Segment Start: PROVIDED MATERIAL

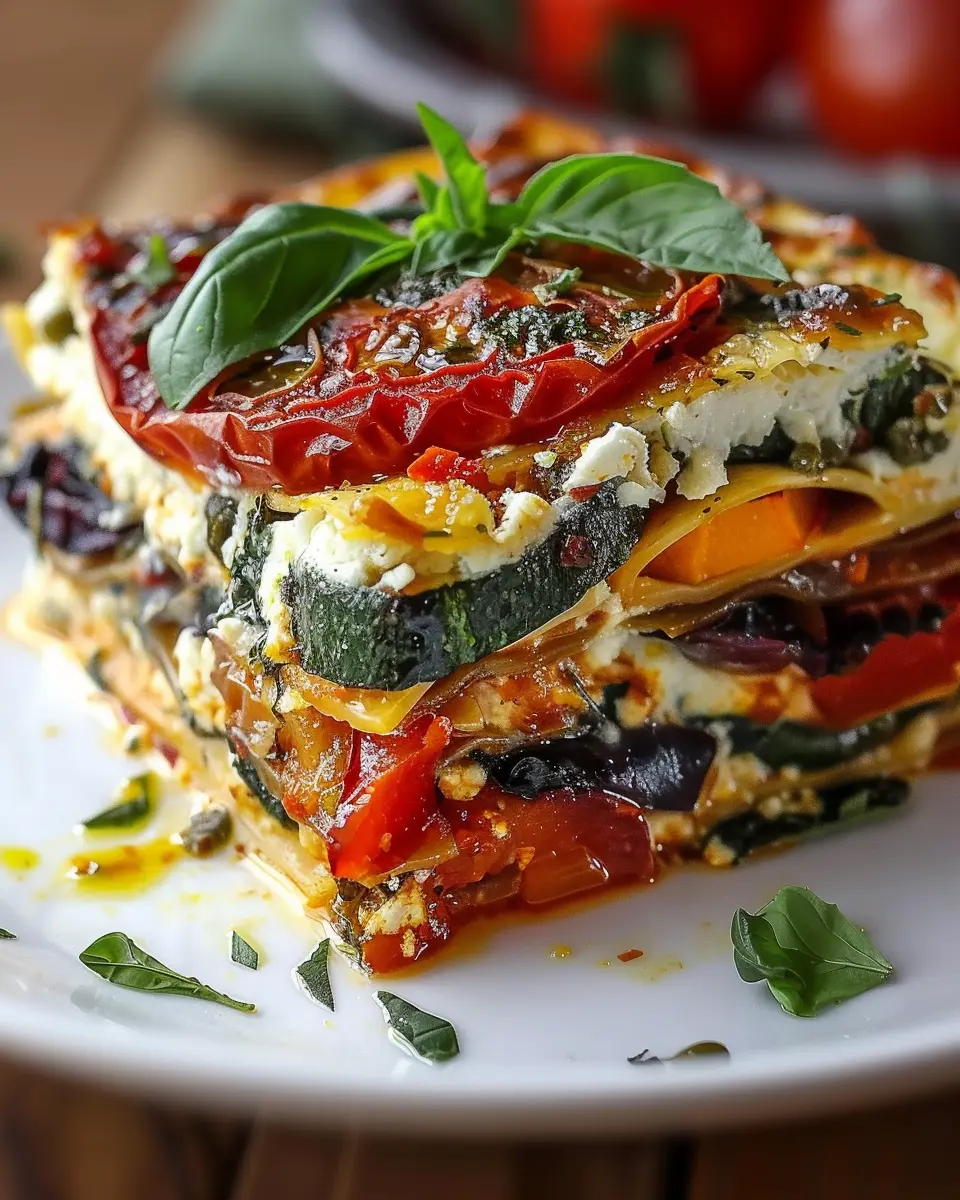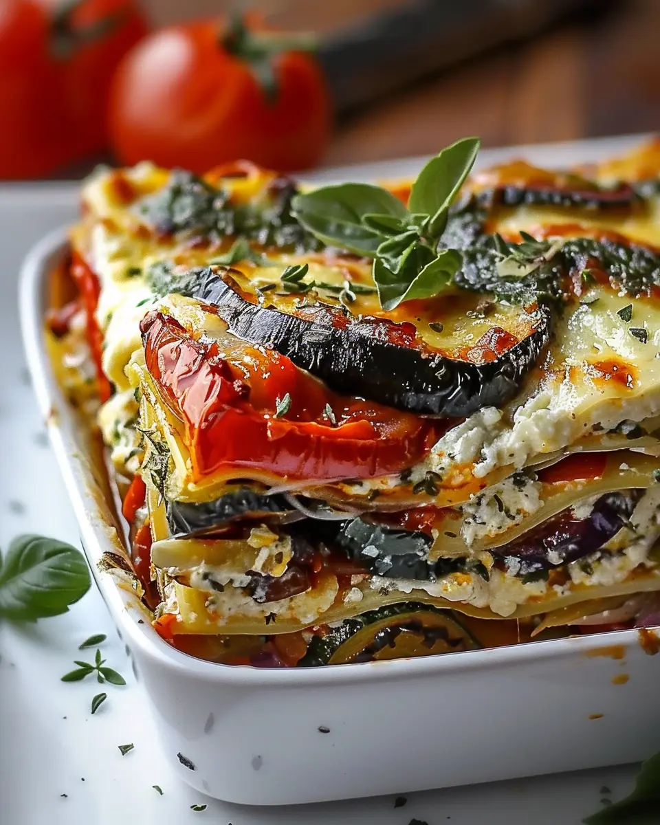 A delicious and colorful vegetable lasagna packed with Mediterranean flavors, perfect for a hearty meal.
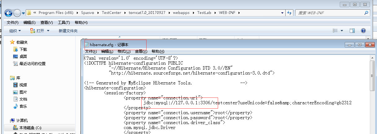 d) 查看TestCenter omcat7.0webappsTestLabWEB-INF文件夹中的hibernate.cfg.xml文件,确保图中的ip和port配置正确,IP为TC数据库所在服务器的IP地址,port为MySQL数据库my.ini文件中配置的端口号。
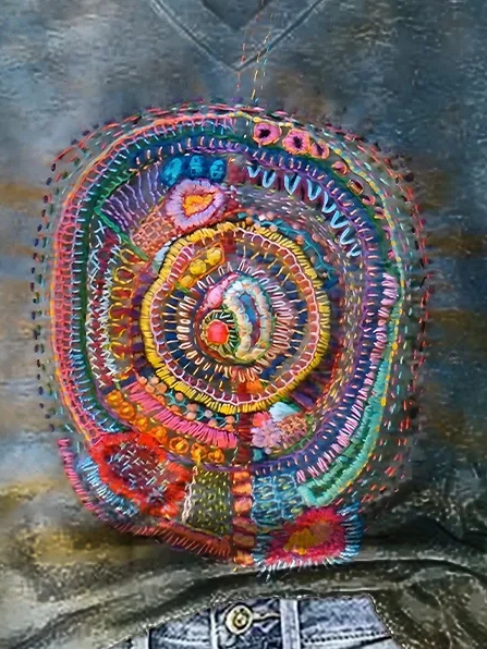 Vintage embroidery print art 3D fashion loose short sleeve V neck T-shirt
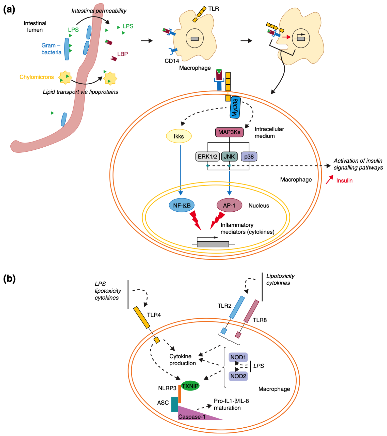 当肠道菌群失衡导致细菌成分(如LPS)进入体内后,会激活免疫受体(TLR、NOD),触发炎症信号(NF-κB、MAPK等),并干扰胰岛素信号传导,最终导致慢性炎症和胰岛素抵抗

Segment End: PROVIDED MATERIAL

**WHAT IS BEING ASKED:**
Write out the listing above again, exactly, but with no pictures in the copy.

**TASK RESULT:**
 A delicious and colorful vegetable lasagna packed with Mediterranean flavors, perfect for a hearty meal.
 d) 查看TestCenter omcat7.0webappsTestLabWEB-INF文件夹中的hibernate.cfg.xml文件,确保图中的ip和port配置正确,IP为TC数据库所在服务器的IP地址,port为MySQL数据库my.ini文件中配置的端口号。
 Vintage embroidery print art 3D fashion loose short sleeve V neck T-shirt
 当肠道菌群失衡导致细菌成分(如LPS)进入体内后,会激活免疫受体(TLR、NOD),触发炎症信号(NF-κB、MAPK等),并干扰胰岛素信号传导,最终导致慢性炎症和胰岛素抵抗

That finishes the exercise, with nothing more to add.